En este momento difícil que a la Iglesia le toca transitar viene en nuestra ayuda la luz de testigos que la banalidad ambiental tiende a archivar. En este sentido, la pertinencia de la obra del jesuita francés Henri de Lubac, uno de los padres del Concilio Vaticano II, es total. En estos días se han cumplido 30 años de la muerte de quien fuera maestro y referente para tres Papas.

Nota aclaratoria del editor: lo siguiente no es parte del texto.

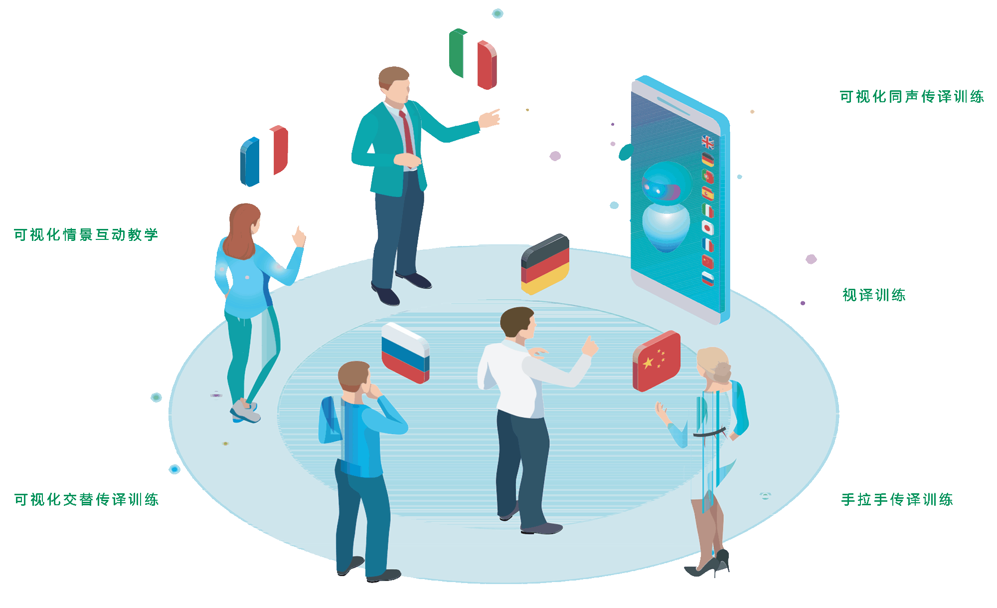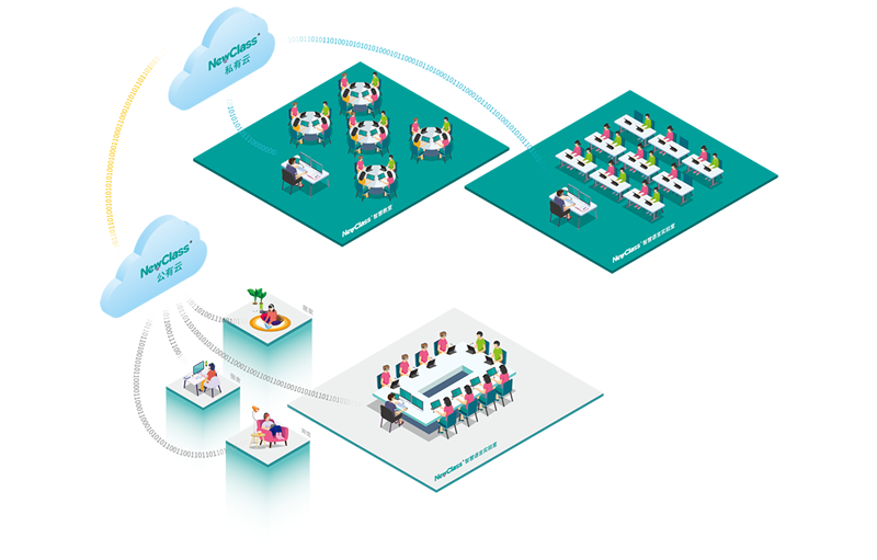 课堂交互教学活动:课件展示·可视对讲·分组讨论·口语训练·双轨录音·监听·课堂测试班内、校内和班外、校外:统一管理 · 统一教学 · 统一训练 · 统一评测。

De Lubac hacía teología buceando en la tradición, viviendo con pasión el presente y desde el corazón de la Iglesia. Juan Pablo II, que le conoció durante el Concilio, inclinaba la cabeza ante su obra, y le creó cardenal para subrayar el valor de su teología para la Iglesia universal. Pero las cosas no siempre fueron fáciles para este jesuita de amplísima cultura y singular gentileza. En tiempos en que fue visto con sospecha por varios círculos eclesiásticos y sufrió el ostracismo por parte de sus superiores, escribió su maravillosa Meditación sobre la Iglesia, una obra que no envejece y cuya lectura es hoy más recomendable, incluso, que en los agitados años 60. Para él la Iglesia era siempre amable, más allá de los límites de sus miembros, que sufrió en carne propia.
Nos advirtió del riesgo de la «mundanidad espiritual», al que siempre se refiere Francisco, el peligro de una falsa adaptación de la verdad cristiana a la cultura dominante. Pero también desveló la esterilidad de una fe convertida en aparato ideológico de resistencia. La verdadera ortodoxia nunca es estrechez, y no dispensa del esfuerzo de profundizar y aclarar en cada época las verdades de la fe. Anticipó en uno de sus libros más proféticos el drama del humanismo ateo, sin anatemas y con profunda simpatía hacia la búsqueda de sus contemporáneos. Abrió anchos caminos a la renovación de la Iglesia, pero no dudó en oponerse a las falsas interpretaciones del Concilio, que conducían a la esterilidad y la división.
Nos viene muy bien, en medio de algunas diatribas actuales, su convicción de que «la salud consiste en el equilibrio» y su norma de poner, por encima de todo, «el lazo indisoluble de la paz católica». Una verdadera luz para nuestro camino, que no se deja atrapar por la malhadada dialéctica entre progresistas y conservadores.